The New York Times
Wednesday, February 23, 2000
Court Looks at Electric Chair
By LINDA GREENHOUSE
WASHINGTON, Feb. 22 - [...] Without explanation, the court lifted the stay of execution it had granted on Feb. 4 to an Alabama death row inmate, Robert L. Tarver Jr., who challenged the state's use of the electric chair as cruel and unusual punishment.
The court had granted the stay, hours before Mr. Tarver's scheduled execution, in order to decide whether to hear his case on the merits. Earlier this term, the court agreed to hear, and then dismissed, a challenge to Florida's use of the electric chair after the state passed a new law to make lethal injection the preferred method of execution. Similar legislation is moving through the Alabama Legislature but has not yet passed either house.

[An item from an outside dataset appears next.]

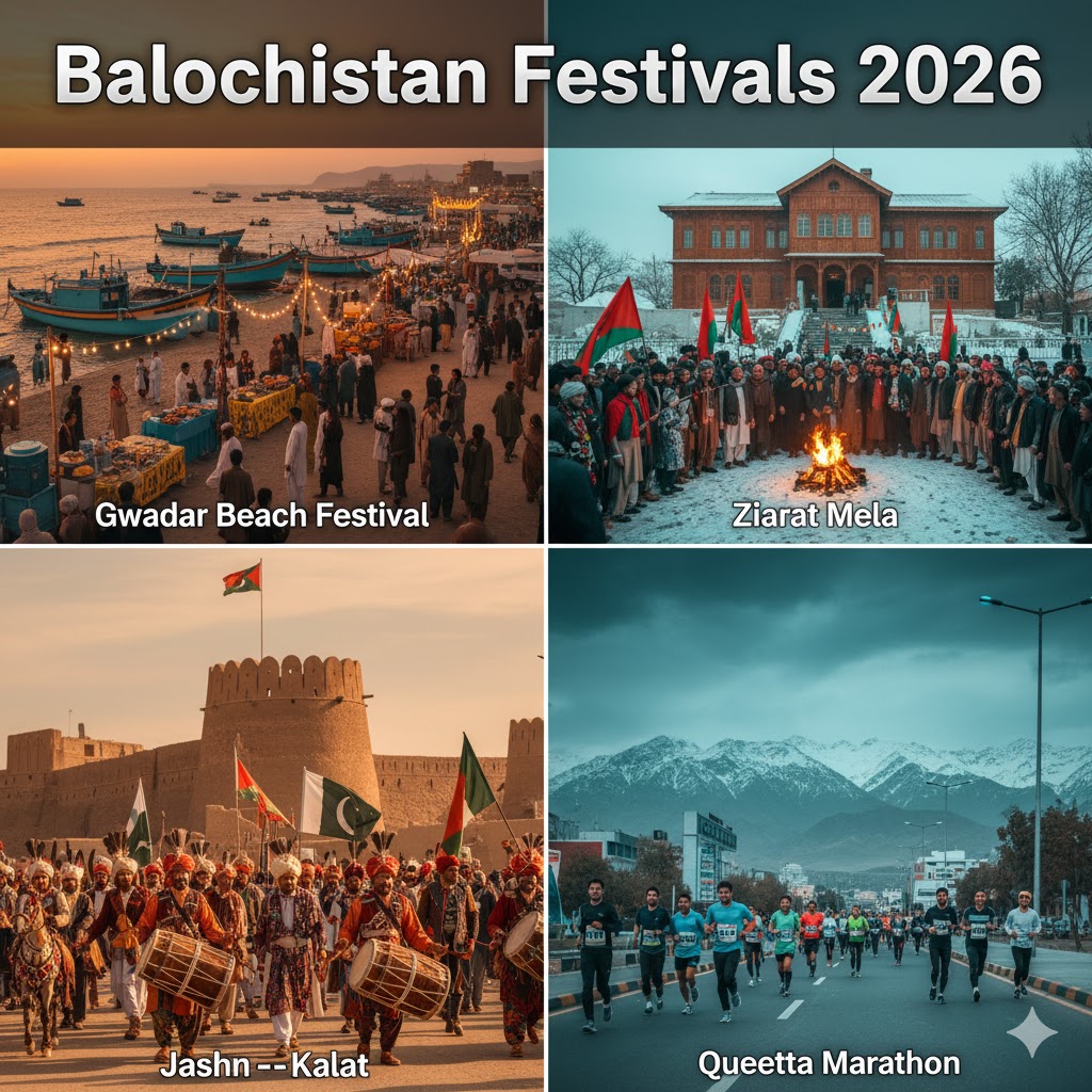 Every district — Gwadar, Kalat, Khuzdar, Ziarat, Sibi, Quetta, and Kech — holds an annual celebration expressing its people’s identity. Fishermen honor the sea, shepherds sing in mountain valleys, and artisans revive embroidery patterns known to their ancestors.

Four justices -- John Paul Stevens, David H. Souter, Ruth Bader Ginsburg and Stephen G. Breyer -- voted to hear the Alabama inmate's case. Ordinary, four votes are all that are required for the court to hear a case. But Mr. Tarver's case was procedurally unusual, seeking a writ of habeas corpus directly from the Supreme Court rather than as an appeal from a lower court. Although the Supreme Court has not disclosed its internal rules for acting on habeas corpus petitions, and did not do so today, the court evidently regards five votes rather than four as necessary to grant such a petition. The case was In re Tarver, No. 99-8044.